While my day-to-day involved all of the above (and more), this case study deep-dives into a specific, initiative where data integrity, cross-functional deadlock, and product strategy collided: overhauling the “Meeting Join Success” OKR.
The Challenge: Leadership was operating on a product metric that miscategorized and mischaracterized normal user behavior as failures, leading to a strategic proposal to remove critical pre-join features.
My Role: Research lead partnering directly with Data Science, Product Management, and Engineering
The Outcome: Blocked a high-risk UX deletion, re-framed the core telemetry metrics, and established new behavioral bucketing systems which fundamentally changed how our team measured “success”.
The Friction: Telemetry vs. Human Behavior
The team was focused on a single OKR which had caught the attention of our leadership: reducing drop-off in the join flow. Data analysis showed a screen where drop-off was most likely.
Because the organization was looking purely at this quantitative drop-off, the prevailing logic was, “delete that screen, shorten the funnel, fix the metric”.
But this is a classic misinterpretation of usage data, assuming a causal relationship. I stepped in to argue that this data told us what was happening, but not why.

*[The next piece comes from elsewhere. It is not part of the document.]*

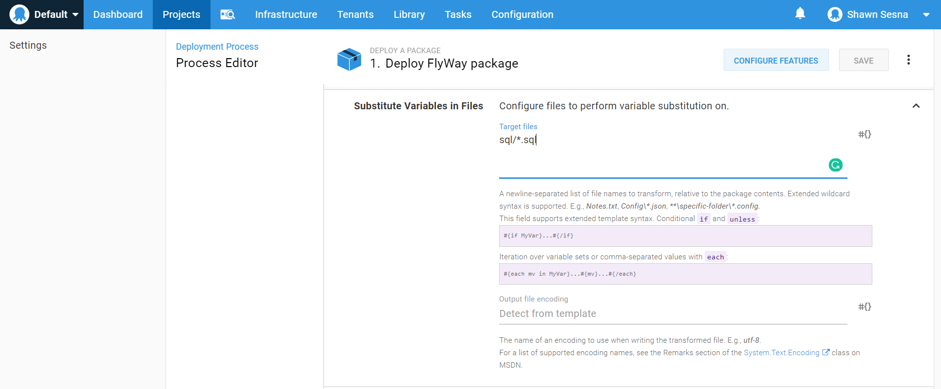 Click OK, then scroll down and expand the Substitute Variables in Files section. For Target files, enter the value sql/*.sql and click SAVE:

Triangulating the “why” with a mixed-methods approach and collaboration
I leveraged previous qualitative research I’d conducted, along with auditing the data pipeline with our Data Science team to build the case that the approach of, “Just delete that screen. They can’t drop-off there if it isn’t there.” was: likely flawed, high-risk, and was full of miscoding things as “failures” that weren’t. I then conducted targeted research which revealed both that:
These drop-offs weren’t a problem for users nor the business
That this step in the flow was high-value to users and removing it would actually cause the very UX and satisfaction issue the business was trying to avoid.
It wouldn’t stop the drop-off; it’d just move it to another step. Because this drop-off behavior wasn’t a problem for anyone other than our metric; we were chasing a number that wasn’t reflecting a real user problem/need and wouldn’t achive our business goals.
Creating a metric that maps to our user’s reality
Ultimately, we re-designed our internal OKR based on this work from a rather crude model to a more nuanced approach; which still allowed us to track potential issues while also accepting that this natural user behavior wasn’t “bad”. Such as the two following buckets:
Corrected success: users who return and join successfully within a threshold (previously coded as failures)
Exit failures: Users who enter but then leave shortly thereafter or experience a settings issues (previously coded as successes)
A new discovery around the social and emotional needs during meeting join
Not only did this work re-define our organizational thinking about our usage data, but my research also uncovered new opportunities for features to improve meeting join confidence and create delight. I proposed several pro-active information features based on this work which went into roadmap planning. Some of which are now live in Teams Meetings.